参考:『弥生、三月』本予告&ポスター公開 波瑠と成田凌が運命に結ばれながらもすれ違い続ける

 弥生役で主演を務めた波瑠は当初、本作のオファーを受けるかどうか迷っていたという。そんな波瑠に、出演を決めた経緯や10代から50代までの役作り、弥生と太郎の関係性などについて、話を聞いた。

ーー今回の『弥生、三月』の情報が発表された際に、「実はオファーを受けるかどうか迷っていました」とコメントされていましたが、なぜ迷っていたのでしょう?

波瑠:最初に台本を読ませていただき、ものすごく読み応えがある作品だったので、これはきちんとした下準備が必要だなと思いました。ただ、連続ドラマも同時にやっていたので、一度「難しいです」というお返事をさせていただいたのですが、遊川(和彦)さんご本人からやっぱりやってほしいというお手紙を頂いて……(笑)一度お会いしましょうということになり、そこでも「今回はお受けするか迷っています」とお伝えしましたが、遊川さんの作品に対するすごく純粋な情熱が伝わってきたので、結局「やります」と言ってお受けすることになりました。

ーー遊川さんの熱意に動かされた部分が大きかったと。

波瑠:遊川さんとは、今回の映画の前にも面識があったんです。当時の印象は、“変わった方”“怖い方”だったんですが、きちんとお話をしていく中で、その印象も大きく変わりました。作品のことを丁寧に説明されている姿を見て、「この人と一緒にお仕事をしてみたい」と強く思いました。

ーー弥生という一人の女性の30年を演じるのにも大きな労力が必要になりますよね。

波瑠:他の登場人物は出てくるものの、作品の軸が弥生と太郎の話なので、それに対しての不安やプレッシャーは最初に感じました。50代まで演じるなんて、私自身もまだまだだと思いました。

ーー成田さんは2歳年下なんですよね。実際やってみていかがでしたか?

波瑠:成田さんでよかったです。

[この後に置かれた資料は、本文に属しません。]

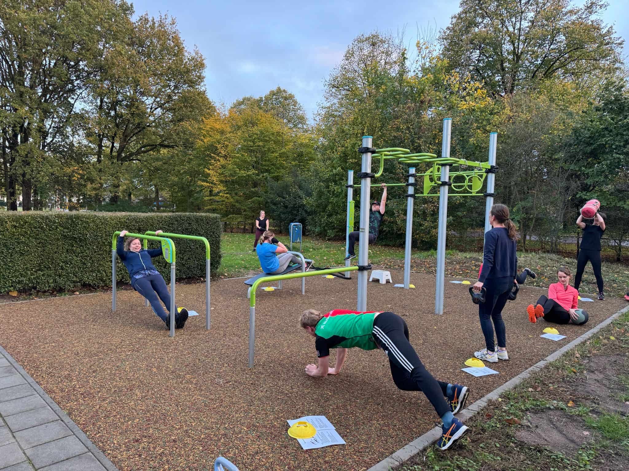 De collega’s van Wieke en Jeroen hebben intussen een aardige sportroutine opgebouwd samen met Wieke, die ze 1 keer per week flink laat zweten met een bootcamp in de fitnesstuin. Ook trainen ze samen voor de Zevenheuvelenloop. “Als je na een pittige werkdag thuis op de bank ploft kom je daar haast niet meer vanaf, zeker als het buiten al vroeg donker is. Of je er ook nog een druk gezin bij hebt. Meteen na afloop van je werkdag hier op school sporten, blijkt voor veel collega’s heel goed te werken,” legt Wieke uit.

遊川さんが思い描く、「こんな人たちに幸せになってほしい」というのが、弥生と太郎だと思うんです。素敵なところとダメなところがそれぞれにある。簡単に言ってしまえば、ふたりとも凄くいい人なんです。太郎は、ひねくれたところもなく、友達思いでまっすぐで、人の幸せを願っている。少しバカで頼りない所もあるけれど、この人に話を聞いてもらいたくなる。そんな魅力が、成田さんにもあったんではないかなと思います。「なんだかほっとけない」ような関係性もうまく反映されているように感じました。

ーー遊川さんの演出はいかがでしたか?

波瑠:遊川組は、「はい、わかりました」っていう感じで進まないんです。「ああじゃない、こうじゃない」と試してみて、試行錯誤を重ねていくので、大変なんですよね。なので、撮影の間ずっと一人で考えごとをしてるみたいでした。

ーー役作りで何かやったことはありますか?

波瑠:映画やドラマは、台本には起こされていない登場人物たちの“日常の抜粋”が繋がって出来上がっているので、役を演じる上では、つねにその“穴埋め作業”をやるようにしています。1年をかいつまむだけでもその穴埋め作業はとても大変なんですが、今回は30年分。弥生が大学に行った日々、シロクマさん(小澤征悦)と関係が出来上がっていく過程など、描かれていない部分が膨大すぎて、こんな量をやったのは初めてでした。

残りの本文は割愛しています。